Ik keur goed dat betalingen gedaan in het kader van een betalingsregeling met de kinderopvangorganisatie ook als tijdige betaling kunnen worden aangemerkt.

Voorwaarden

Hierbij stel ik de volgende voorwaarden:

  • De betalingsregeling is schriftelijk overeengekomen vóór 1 maart van het jaar volgend op het berekeningsjaar;

  • De ouder komt de betalingsregeling na;

  • De betalingsregeling loopt niet langer dan één jaar;

  • De ouder gebruikt eventuele (na)betalingen van de kinderopvangtoeslag over het betreffende berekeningsjaar om de schuld bij de kinderopvangorganisatie af te lossen.
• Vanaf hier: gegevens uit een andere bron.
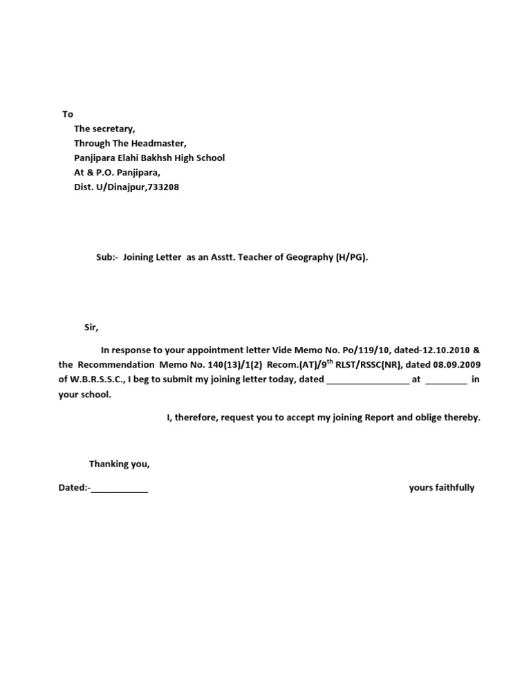 Dear madam through some reliable source i have come to know about the vacancy of teacher available in your prestigious institution. Employees joining report. These sample joining letter formats are applicable for a teacher employee official job marketing job or any entry level job joining request letter by teacher to principal. You can use this appointment letterjob offer letter for pre school teacher junior teacher senior teacher subject teacher or class teacherrules salary and timings can be mentioned accordingly.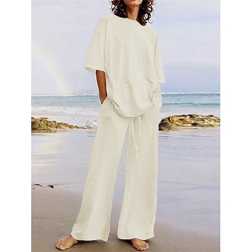 Completo da donna in cotone e lino, due pezzi, basic, tinta unita, con tasche, elastico in vita, maglietta, pantaloni, stile urbano, quotidiano, manica lunga, girocollo, nero, bianco, blu navy, marrone chiaro, blu, estate, primavera.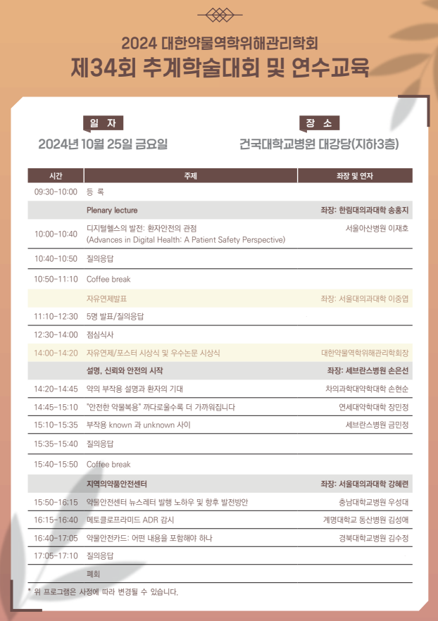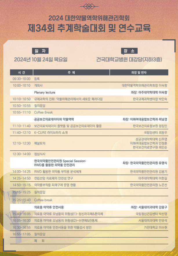 이후 공공보건의료데이터와 약물역학에 관한 강연과 패널 토의가 이어지며, 오후에는 한국의약품안전관리원의 스페셜 세션과 의료용 마약류 안전사용 세션이 준비되어 있다.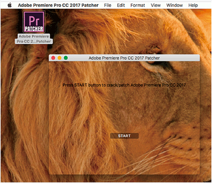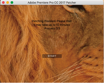 monitor.appを起動し、モニタリングを開始した状態で、Patcher アプリケーションのアイコンをダブルクリックして起動します。本稿で扱う検体は、アプリケーション名が「Adobe Premiere Pro CC 2017 Patcher」と偽装されています(図-16)。起動すると、背景が透過に設定されたアプリケーションウィンドウが展開し「START」ボタンをクリックするよう促すメッセージが表示されるので、クリックして先に進みます。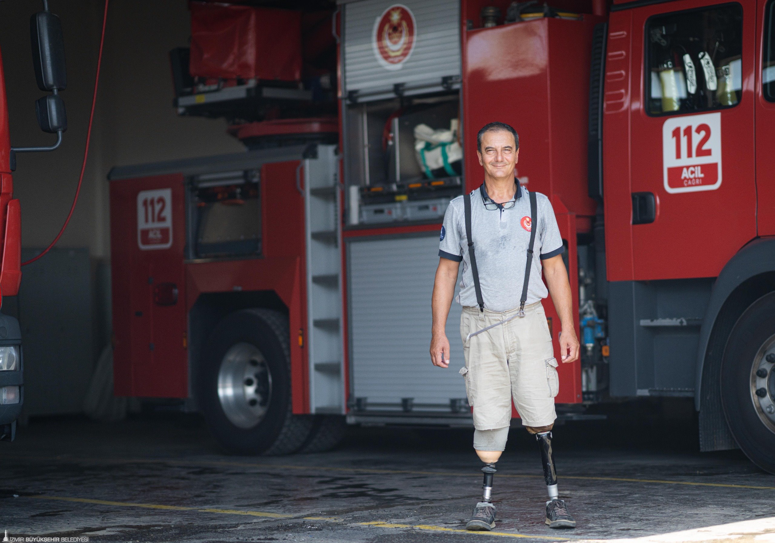 Sayısız yangında, depremde, kazada, kurtarma çalışmalarında görev alan İzmir Büyükşehir Belediyesi İtfaiye Dairesi Başkanlığı ekipleri, İtfaiyecilik Haftası’nı kutluyor. Ateş savaşçıları için önemli olan bu tarihte, ömrünü mesleğe adayan Mümtaz Zarplı’nın mücadelesi dikkat çekiyor. İzmir Büyükşehir Belediyesi İtfaiye Dairesi Başkanlığı bünyesinde görevli 55 yaşındaki Mümtaz Zarplı, 2007 yılında iş kazası geçirdi. Yangın söndürme tüpü eğitimi sırasında meydana gelen patlama nedeniyle iki bacağını birden kaybeden evli ve 2 çocuk babası Mümtaz Zarplı, bir yıl boyunca tedavi gördü. İki bacağına elektronik protez takılan Zarplı, ailesinin, sevenlerinin ve İzmir Büyükşehir Belediyesi’nin verdiği destekle yeniden hayata tutundu. Malulen emekli olduktan sonra engelli kadrosuyla yeniden mesleğine dönen Mümtaz Zarplı, Güzelbahçe İtfaiye Grubu santralinde görev yapıyor. Gelen ihbarları değerlendiren, ekipleri olay yerine yönlendiren Zarplı, bacaklarını kaybetmesine rağmen mesleğinden hiç kopmadı.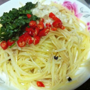 准备辅料 姜切片 蒜切粒 新鲜辣椒切粒 可用辣油代替 小葱切粒 香菜切段 热锅下油姜 和花椒落锅暴香 捞出扔掉 倒入煮好的土豆丝内 放入刚刚切莫所有辅料 倒入 糖 醋 放盐 味精 拌匀 即可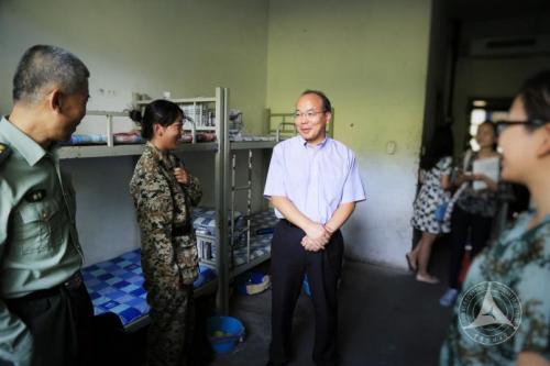 为了了解军训团的生活条件,刘守训副书记分别察看了医务室、基地食堂和学生公寓。在医务室,刘副书记详细询问了参训学生的伤病就诊情况及医务室成员组成情况,据齐金贵政委介绍,为了保障同学们的训练安全,校医院再次派出马蓉蓉副院长带队的4名随队军医,还增加了现场巡诊频次,过去是定点巡视,现在是现场流动巡视,确保现场有突发状况时校医第一时间赶到现场。

Bij gedeeltelijke nakoming van de betalingsregeling wordt het recht op kinderopvangtoeslag vastgesteld conform onderdeel 2 van dit besluit.

3.3. Bijzondere gevallen

[Regeling vervallen per 23-04-2020]

In bijzondere gevallen waarin niet aan de ouder te wijten is dat de betaling niet tijdig is verricht aan de kinderopvangorganisatie, kan de Belastingdienst/Toeslagen afwijken van de in onderdelen 3.1 en 3.2 genoemde termijn en voorwaarden. Het gaat hierbij niet om situaties waarin de ouder financiële problemen heeft om de kosten van kinderopvang te betalen.

4. Inwerkingtreding

[Regeling vervallen per 23-04-2020]

Dit besluit treedt in werking met ingang van de dag na de datum van uitgifte van de Staatscourant waarin het wordt geplaatst en werkt terug tot en met 23 oktober 2019.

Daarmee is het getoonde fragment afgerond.